Set down each line of the material that follows, exactly, with no pictures.

Source data.
• • •
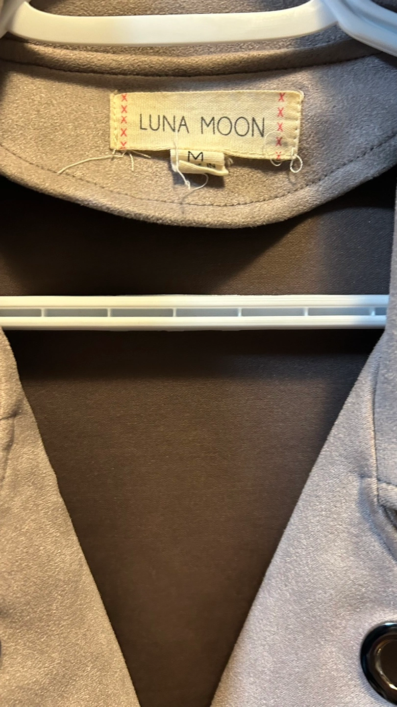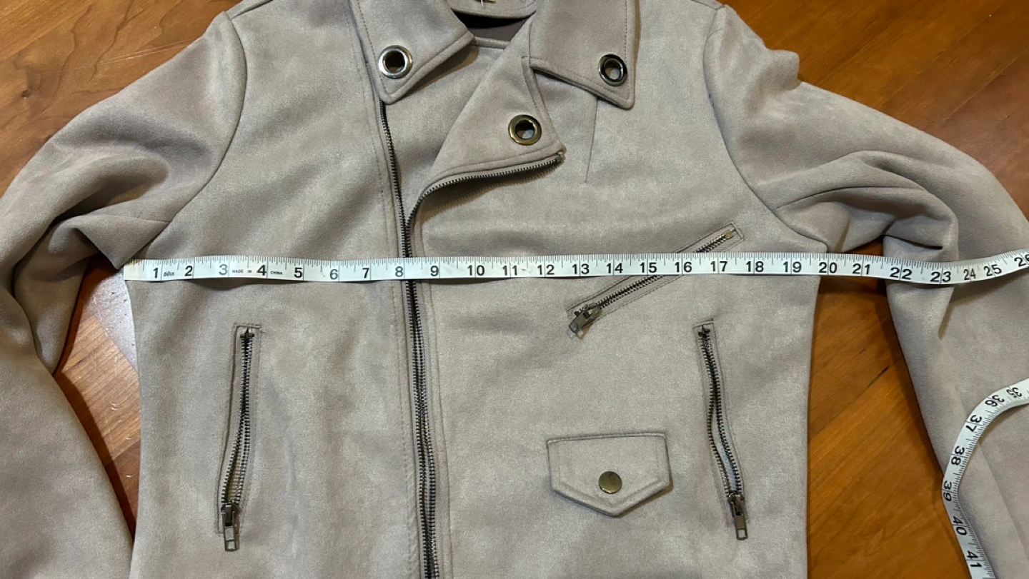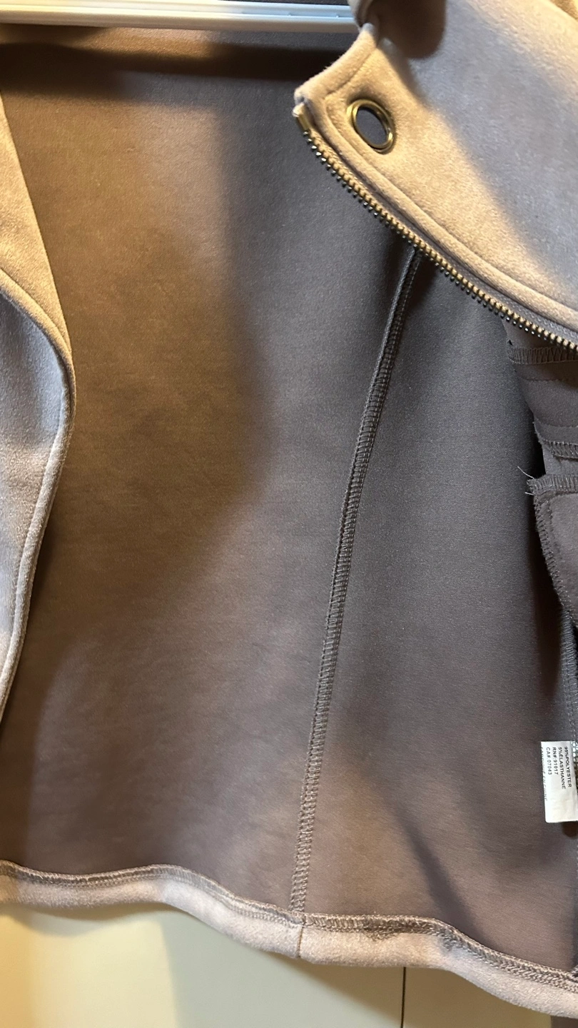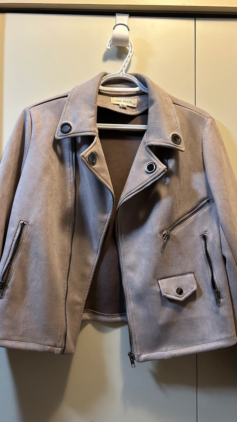 Grey suede moto jacket with zipper closure and two front pockets. Zipper detail along the sleeves. Pickup Richmond center or blundell area
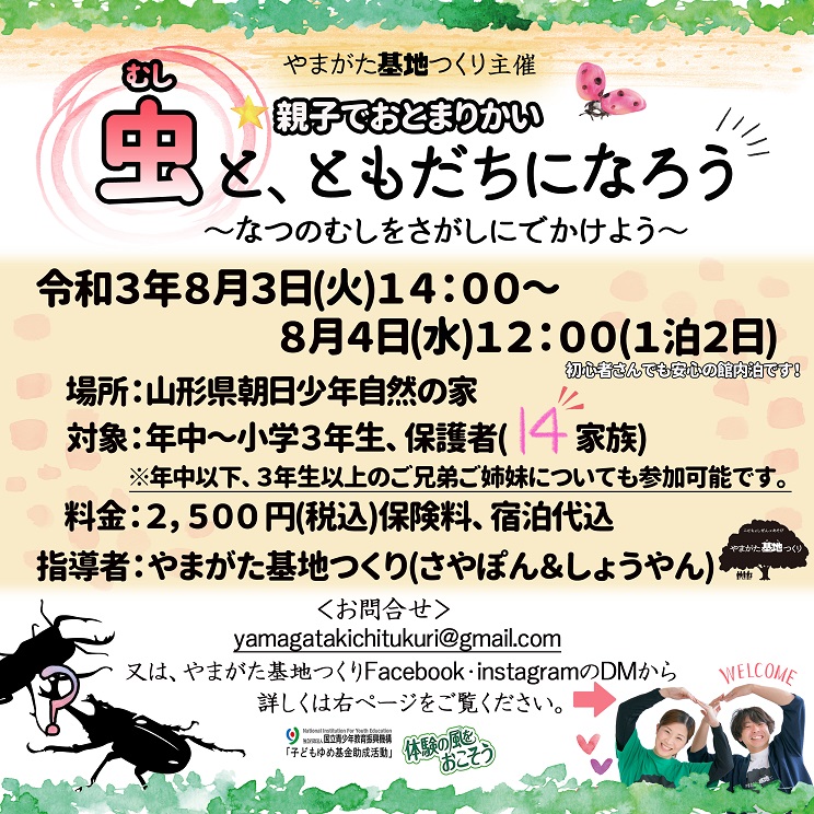 添付ファイル | R3.8.3親子でお泊まり会 虫とともだちになろう実施要項 |
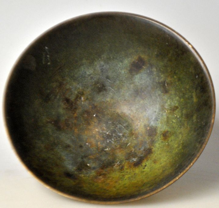 Kleine dänische patinierte Bronzeschale, Art Deco, ca. 1930. Auf kleinem Standrand. Gestempelt: Echte feuerfeste Bronze. H.: 5 cm. Durchmesser: 12,5 cm.
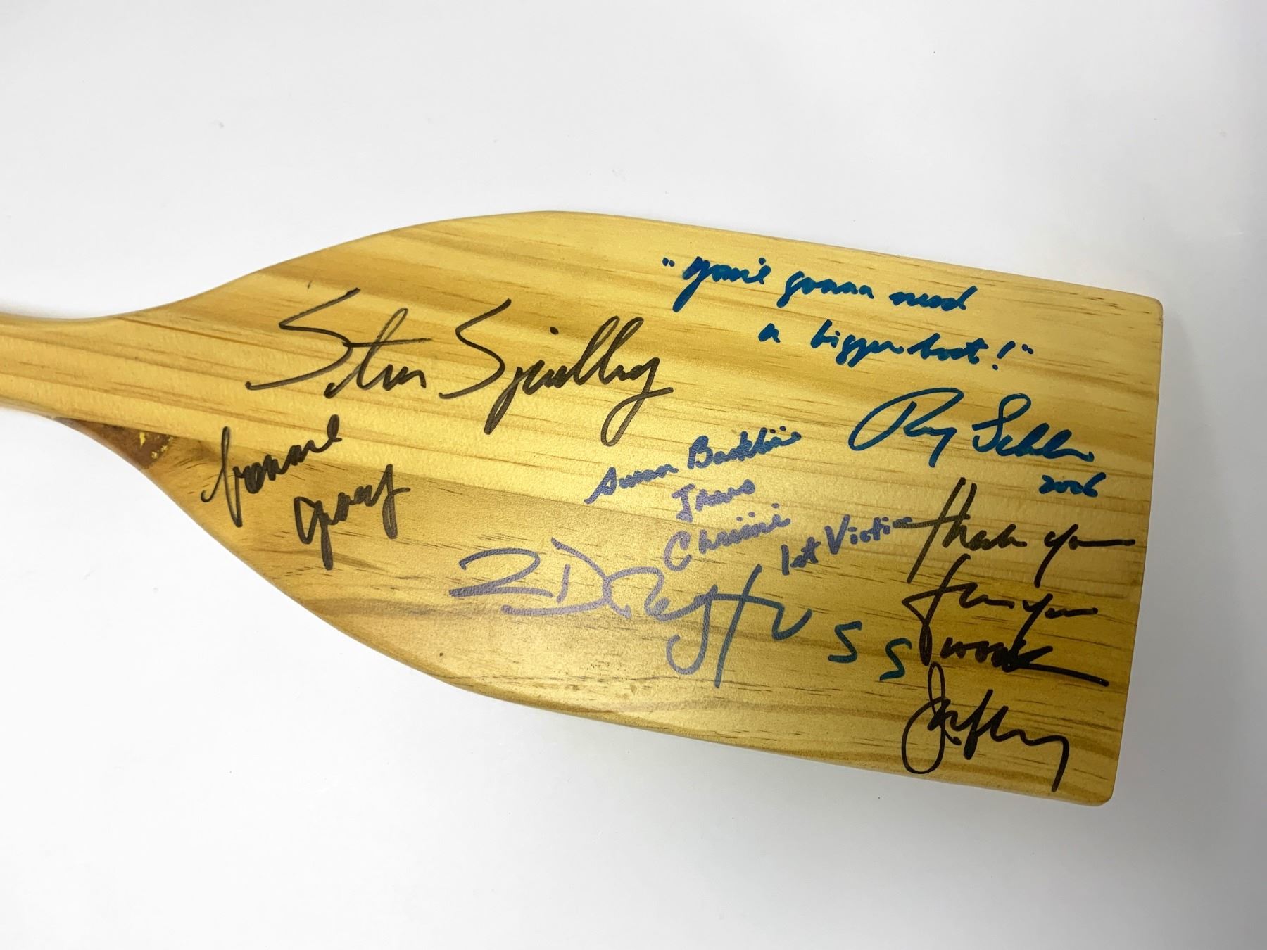 Autographed By: Roy Scheider, Richard Dreyfuss, Lorraine Gary, Susan Backlinie, Steven Spielberg, John Williams, Peter BenchleyCertified and Excellent Condition
• • •
Exercise output.
 Grey suede moto jacket with zipper closure and two front pockets. Zipper detail along the sleeves. Pickup Richmond center or blundell area
 添付ファイル | R3.8.3親子でお泊まり会 虫とともだちになろう実施要項 |
 Kleine dänische patinierte Bronzeschale, Art Deco, ca. 1930. Auf kleinem Standrand. Gestempelt: Echte feuerfeste Bronze. H.: 5 cm. Durchmesser: 12,5 cm.
 Autographed By: Roy Scheider, Richard Dreyfuss, Lorraine Gary, Susan Backlinie, Steven Spielberg, John Williams, Peter BenchleyCertified and Excellent Condition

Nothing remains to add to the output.